Entries taken from a collection:
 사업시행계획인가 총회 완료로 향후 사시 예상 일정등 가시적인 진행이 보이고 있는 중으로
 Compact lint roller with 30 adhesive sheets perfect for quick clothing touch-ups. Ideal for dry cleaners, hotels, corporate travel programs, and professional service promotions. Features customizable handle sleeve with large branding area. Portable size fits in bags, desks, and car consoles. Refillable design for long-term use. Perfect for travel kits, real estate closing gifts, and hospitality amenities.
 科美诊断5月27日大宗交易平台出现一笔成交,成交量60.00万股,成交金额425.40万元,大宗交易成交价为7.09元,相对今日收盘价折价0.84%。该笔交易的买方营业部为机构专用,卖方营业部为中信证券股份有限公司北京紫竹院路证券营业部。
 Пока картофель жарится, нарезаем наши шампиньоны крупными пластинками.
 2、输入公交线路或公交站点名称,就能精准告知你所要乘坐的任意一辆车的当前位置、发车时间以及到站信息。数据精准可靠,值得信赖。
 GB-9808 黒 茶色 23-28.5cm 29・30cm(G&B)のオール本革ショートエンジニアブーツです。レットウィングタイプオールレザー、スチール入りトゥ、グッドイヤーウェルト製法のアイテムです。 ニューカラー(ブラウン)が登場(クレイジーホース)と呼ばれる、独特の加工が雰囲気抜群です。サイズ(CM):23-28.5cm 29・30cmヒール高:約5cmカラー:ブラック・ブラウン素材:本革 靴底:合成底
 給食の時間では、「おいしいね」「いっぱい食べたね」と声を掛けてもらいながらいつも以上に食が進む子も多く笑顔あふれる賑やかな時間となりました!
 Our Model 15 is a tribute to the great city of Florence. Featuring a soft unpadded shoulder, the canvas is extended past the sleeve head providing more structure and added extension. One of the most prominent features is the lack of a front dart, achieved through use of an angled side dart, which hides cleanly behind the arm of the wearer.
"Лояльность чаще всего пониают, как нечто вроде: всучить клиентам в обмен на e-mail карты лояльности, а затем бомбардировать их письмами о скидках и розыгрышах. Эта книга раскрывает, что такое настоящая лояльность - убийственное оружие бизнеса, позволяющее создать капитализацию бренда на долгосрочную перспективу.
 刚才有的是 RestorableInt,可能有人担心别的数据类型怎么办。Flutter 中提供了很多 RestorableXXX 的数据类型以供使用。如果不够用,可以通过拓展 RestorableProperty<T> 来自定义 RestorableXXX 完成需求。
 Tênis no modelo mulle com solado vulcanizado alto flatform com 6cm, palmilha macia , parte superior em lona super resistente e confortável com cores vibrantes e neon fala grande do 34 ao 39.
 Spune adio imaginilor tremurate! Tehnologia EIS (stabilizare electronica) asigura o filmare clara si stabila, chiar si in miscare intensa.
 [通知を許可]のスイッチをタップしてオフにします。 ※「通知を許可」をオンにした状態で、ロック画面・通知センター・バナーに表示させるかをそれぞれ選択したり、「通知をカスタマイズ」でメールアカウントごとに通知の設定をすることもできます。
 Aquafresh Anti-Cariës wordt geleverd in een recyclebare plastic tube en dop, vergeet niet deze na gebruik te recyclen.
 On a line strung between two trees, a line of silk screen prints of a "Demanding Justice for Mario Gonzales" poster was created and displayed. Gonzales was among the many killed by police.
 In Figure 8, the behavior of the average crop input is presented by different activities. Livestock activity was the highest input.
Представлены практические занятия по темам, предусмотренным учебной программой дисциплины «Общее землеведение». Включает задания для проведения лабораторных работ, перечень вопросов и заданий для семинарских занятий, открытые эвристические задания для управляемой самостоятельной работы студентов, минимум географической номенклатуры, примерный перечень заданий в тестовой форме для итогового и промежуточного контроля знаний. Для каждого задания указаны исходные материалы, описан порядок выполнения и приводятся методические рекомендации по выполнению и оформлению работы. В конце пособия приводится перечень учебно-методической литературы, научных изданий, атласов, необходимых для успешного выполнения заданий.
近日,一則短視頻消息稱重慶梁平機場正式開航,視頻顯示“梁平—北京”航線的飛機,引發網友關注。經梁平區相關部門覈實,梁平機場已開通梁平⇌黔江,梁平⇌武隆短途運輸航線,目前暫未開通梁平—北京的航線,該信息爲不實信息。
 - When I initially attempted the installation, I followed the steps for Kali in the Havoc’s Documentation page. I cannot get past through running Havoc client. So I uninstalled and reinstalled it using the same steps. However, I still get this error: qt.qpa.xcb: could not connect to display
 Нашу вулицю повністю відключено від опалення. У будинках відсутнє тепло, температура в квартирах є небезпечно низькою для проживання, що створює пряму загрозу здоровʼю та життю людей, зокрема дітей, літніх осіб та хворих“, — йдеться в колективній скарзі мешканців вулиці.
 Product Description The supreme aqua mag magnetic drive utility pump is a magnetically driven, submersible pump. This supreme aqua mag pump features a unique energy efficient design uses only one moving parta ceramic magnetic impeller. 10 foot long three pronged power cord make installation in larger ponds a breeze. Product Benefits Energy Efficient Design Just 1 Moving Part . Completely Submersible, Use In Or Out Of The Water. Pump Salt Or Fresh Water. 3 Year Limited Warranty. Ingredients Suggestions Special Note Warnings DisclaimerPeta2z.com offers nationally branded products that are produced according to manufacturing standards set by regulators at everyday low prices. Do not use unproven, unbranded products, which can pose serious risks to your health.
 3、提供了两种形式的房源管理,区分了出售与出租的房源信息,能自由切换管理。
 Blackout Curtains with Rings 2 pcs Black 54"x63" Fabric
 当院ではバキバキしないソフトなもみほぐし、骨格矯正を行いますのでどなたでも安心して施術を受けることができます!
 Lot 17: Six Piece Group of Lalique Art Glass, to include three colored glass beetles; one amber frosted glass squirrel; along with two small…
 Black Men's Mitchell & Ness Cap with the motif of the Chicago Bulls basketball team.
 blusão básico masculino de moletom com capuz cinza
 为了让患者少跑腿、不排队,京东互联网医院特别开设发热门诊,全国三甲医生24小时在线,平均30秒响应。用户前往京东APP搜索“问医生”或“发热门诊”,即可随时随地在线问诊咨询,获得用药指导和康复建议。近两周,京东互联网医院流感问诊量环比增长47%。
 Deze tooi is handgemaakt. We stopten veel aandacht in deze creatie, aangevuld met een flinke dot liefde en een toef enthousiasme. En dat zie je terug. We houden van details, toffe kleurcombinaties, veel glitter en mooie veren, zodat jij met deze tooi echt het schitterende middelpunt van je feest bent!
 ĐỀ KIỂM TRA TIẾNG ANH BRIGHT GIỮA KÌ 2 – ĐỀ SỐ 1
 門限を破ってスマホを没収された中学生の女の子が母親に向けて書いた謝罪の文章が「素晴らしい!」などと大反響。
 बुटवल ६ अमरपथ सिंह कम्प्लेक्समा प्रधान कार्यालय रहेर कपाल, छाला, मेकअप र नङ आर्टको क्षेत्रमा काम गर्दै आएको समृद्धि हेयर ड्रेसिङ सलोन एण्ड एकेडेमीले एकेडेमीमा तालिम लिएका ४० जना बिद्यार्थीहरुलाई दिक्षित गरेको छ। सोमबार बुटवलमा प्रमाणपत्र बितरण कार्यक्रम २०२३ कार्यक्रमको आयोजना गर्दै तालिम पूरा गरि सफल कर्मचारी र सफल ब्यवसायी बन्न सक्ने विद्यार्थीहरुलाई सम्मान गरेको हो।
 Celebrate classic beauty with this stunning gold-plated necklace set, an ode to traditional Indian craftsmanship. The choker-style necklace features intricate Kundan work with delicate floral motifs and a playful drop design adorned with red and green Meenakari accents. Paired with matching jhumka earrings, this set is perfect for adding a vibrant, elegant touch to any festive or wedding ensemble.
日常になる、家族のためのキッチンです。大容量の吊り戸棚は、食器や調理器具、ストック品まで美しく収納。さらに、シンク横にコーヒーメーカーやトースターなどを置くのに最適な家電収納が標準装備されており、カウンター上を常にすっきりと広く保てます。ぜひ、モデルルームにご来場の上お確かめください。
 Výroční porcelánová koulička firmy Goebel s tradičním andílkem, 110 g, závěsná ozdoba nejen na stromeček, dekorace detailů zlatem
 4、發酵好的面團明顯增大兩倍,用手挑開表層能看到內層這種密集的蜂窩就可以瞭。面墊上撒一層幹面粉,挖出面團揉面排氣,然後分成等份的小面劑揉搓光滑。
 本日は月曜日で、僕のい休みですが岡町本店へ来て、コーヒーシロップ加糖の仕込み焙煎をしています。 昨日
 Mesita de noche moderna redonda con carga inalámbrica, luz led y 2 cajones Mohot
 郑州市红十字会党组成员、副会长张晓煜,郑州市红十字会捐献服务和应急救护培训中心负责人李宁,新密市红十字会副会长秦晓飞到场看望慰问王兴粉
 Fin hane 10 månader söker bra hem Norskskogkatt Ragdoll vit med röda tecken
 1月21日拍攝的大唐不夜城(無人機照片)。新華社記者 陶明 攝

# [Task item]
Display each line of the data where "Black" occurs.

# [Result for this exercise]
 Blackout Curtains with Rings 2 pcs Black 54"x63" Fabric
 Black Men's Mitchell & Ness Cap with the motif of the Chicago Bulls basketball team.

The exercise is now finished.